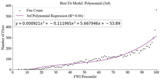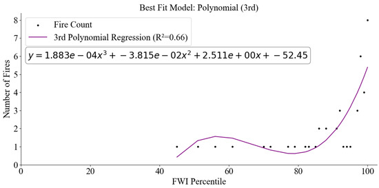 The FWI demonstrates a strong correlation with wildfire occurrence. An analysis of the wildfire counts across the FWI percentile bins revealed a sharp increase in the fire frequency with increasing FWI values. The polynomial regression model yielded a high R2 value of 0.86, underscoring the strong predictive capability of the FWI for wildfire ignition. These findings are consistent with those of previous studies that support the use of the FWI as an effective indicator of wildfire danger [40,41]. Moreover, it highlights the importance of adapting fire danger thresholds to regional conditions because the relationship between the FWI values and actual wildfire danger can vary geographically [3].
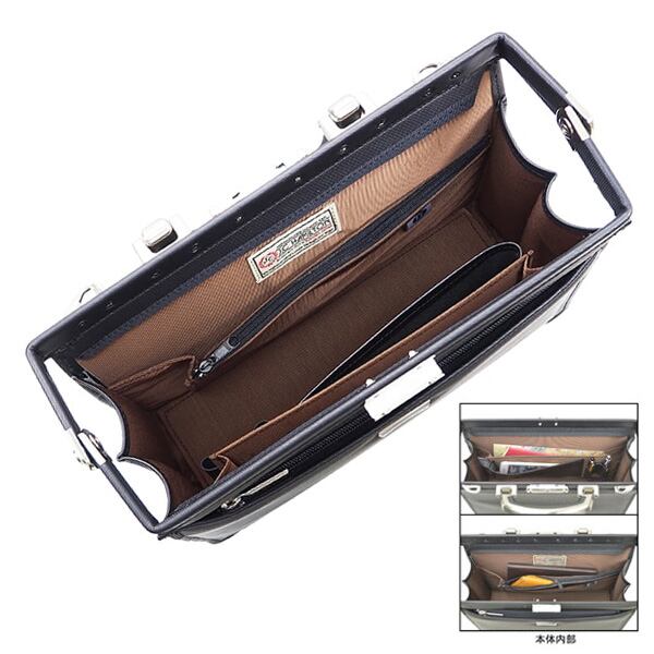 仕様:正面ファスナーポケット、メインルームファスナーポケット付き、片ササマチポケット、ササマチポケット、小物ポケット、ペン差し、ワンタッチ錠前、底板付き、口枠ダレス、肩アテ付きショルダーベルト、B5サイズ対応、カラー:黒
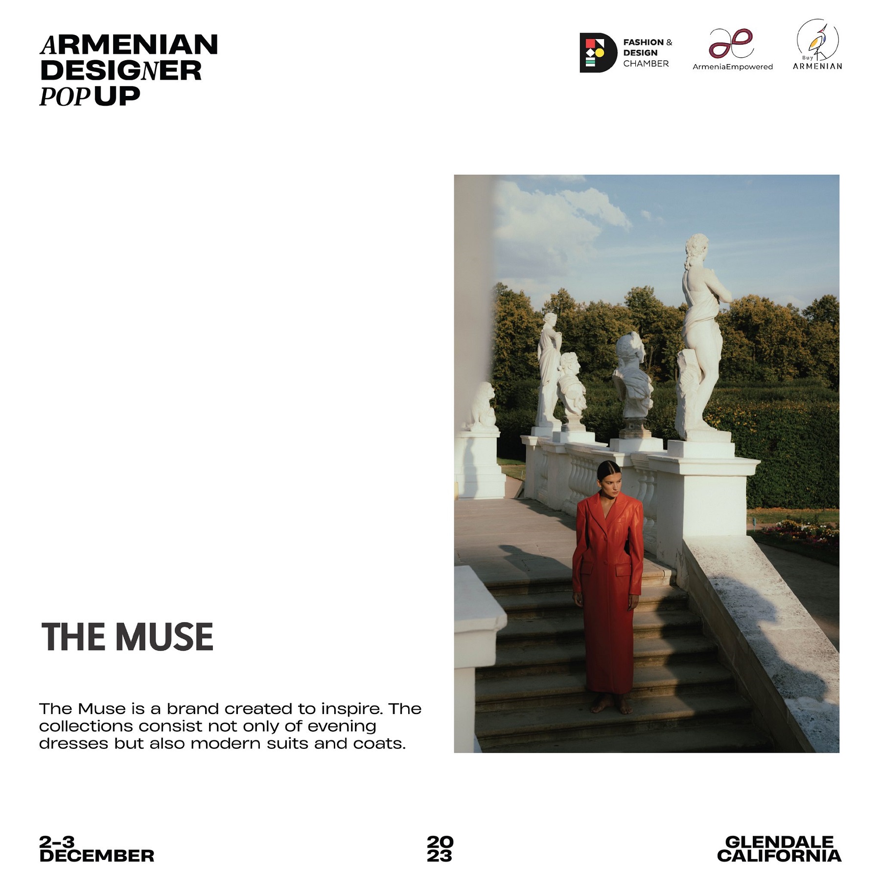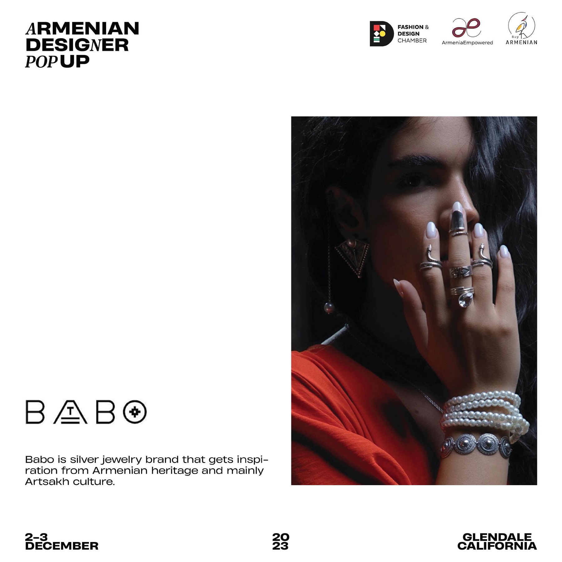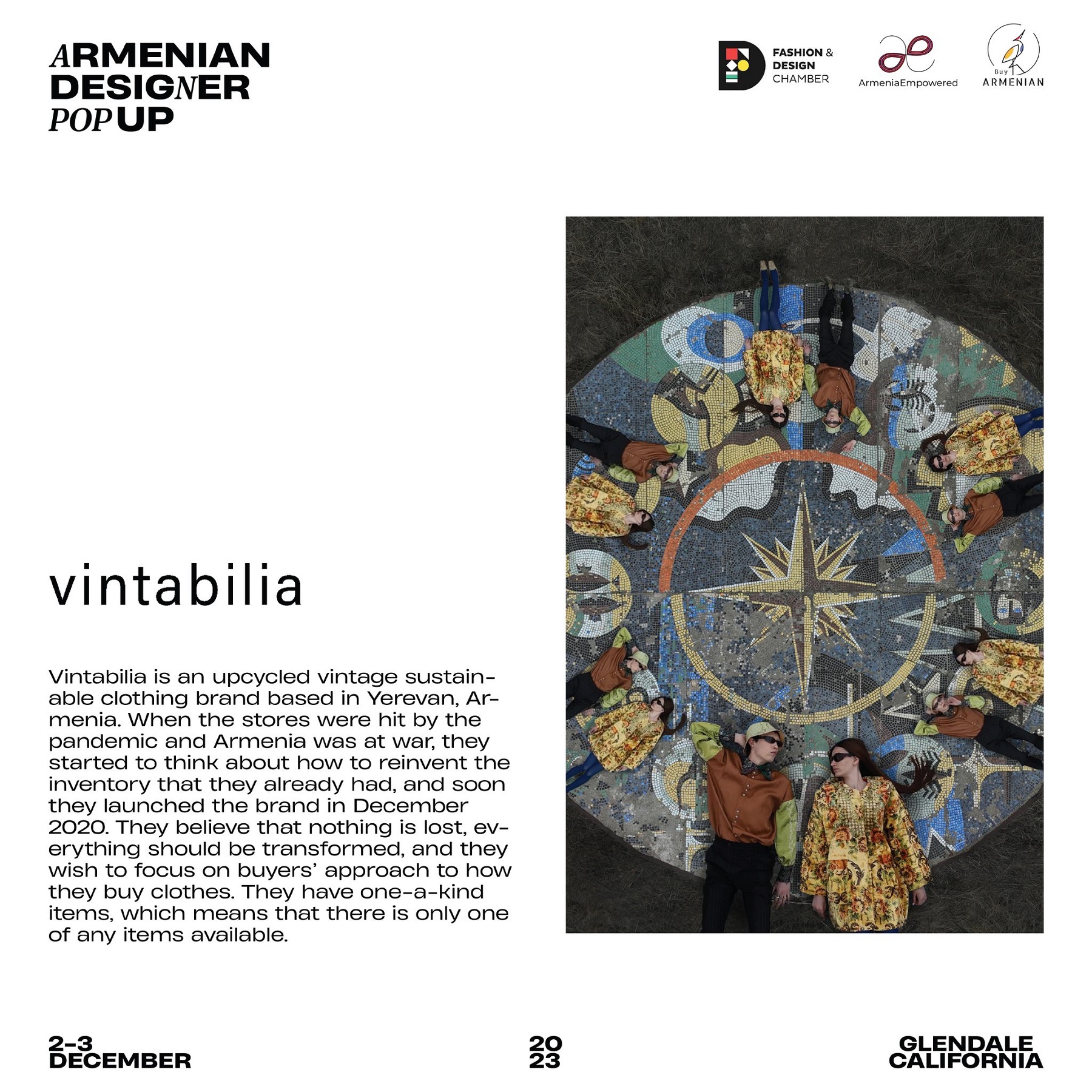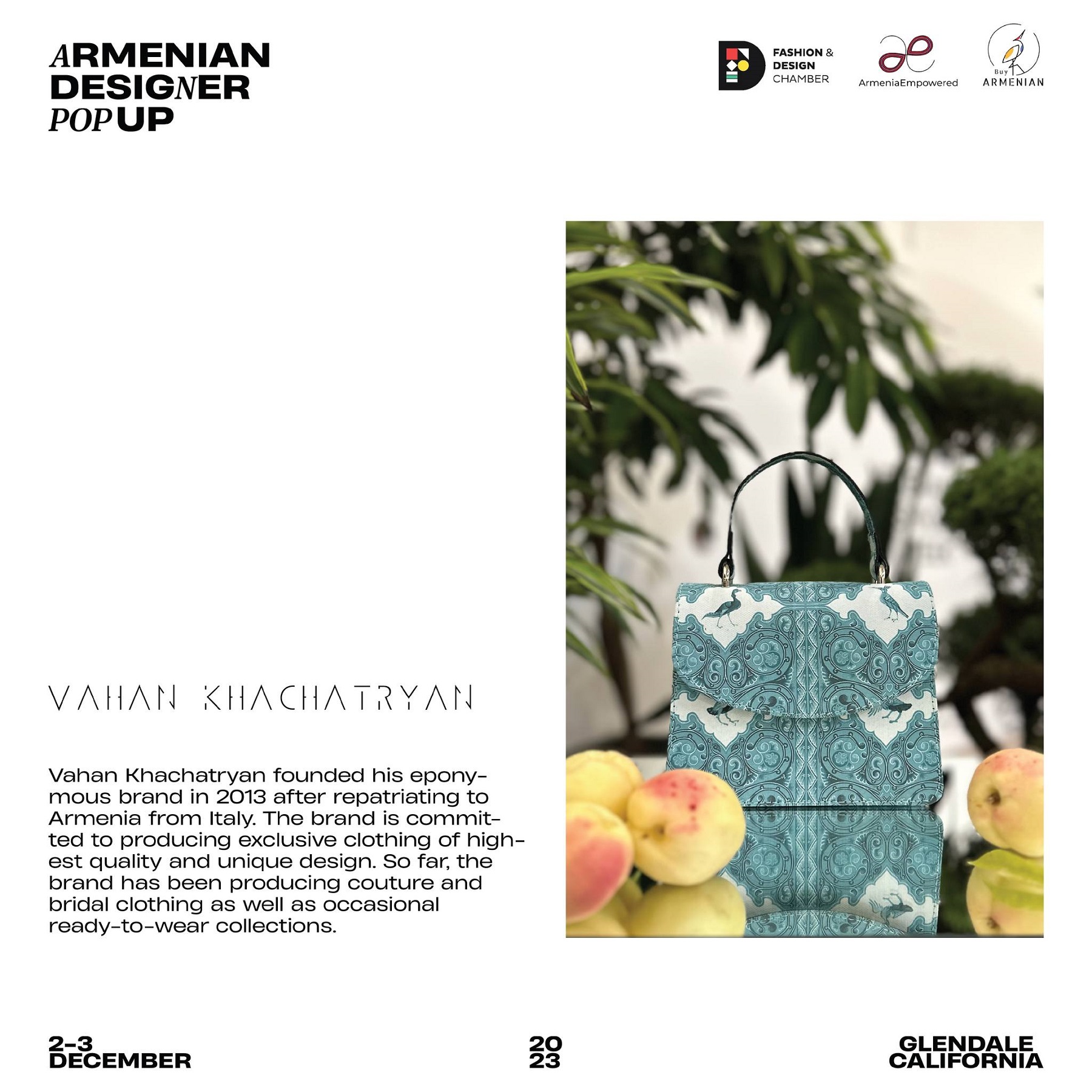 Armenian Fashion Takes Stage in the Heart of California! Date: December 2 & 3, 2023 Location: SOLAR STUDIOS, 3909 San Fernando Rd. Suite 114, Glendale, CA 91204. This event will bring together over 35 of Armenia's most talented designers. Meet your favorite designers and make unforgettable memories during weekend. Tickets are available here: https://www.eventbrite.com/.../armenian-designer-pop-up...
-----
--- EXERCISE ---
Only the lines between the one containing "仕様:正面ファスナーポケット" and the last line of the listing above, both included, should be written out, exactly and without pictures.

--- ANSWER SPACE ---
 仕様:正面ファスナーポケット、メインルームファスナーポケット付き、片ササマチポケット、ササマチポケット、小物ポケット、ペン差し、ワンタッチ錠前、底板付き、口枠ダレス、肩アテ付きショルダーベルト、B5サイズ対応、カラー:黒
 Armenian Fashion Takes Stage in the Heart of California! Date: December 2 & 3, 2023 Location: SOLAR STUDIOS, 3909 San Fernando Rd. Suite 114, Glendale, CA 91204. This event will bring together over 35 of Armenia's most talented designers. Meet your favorite designers and make unforgettable memories during weekend. Tickets are available here: https://www.eventbrite.com/.../armenian-designer-pop-up...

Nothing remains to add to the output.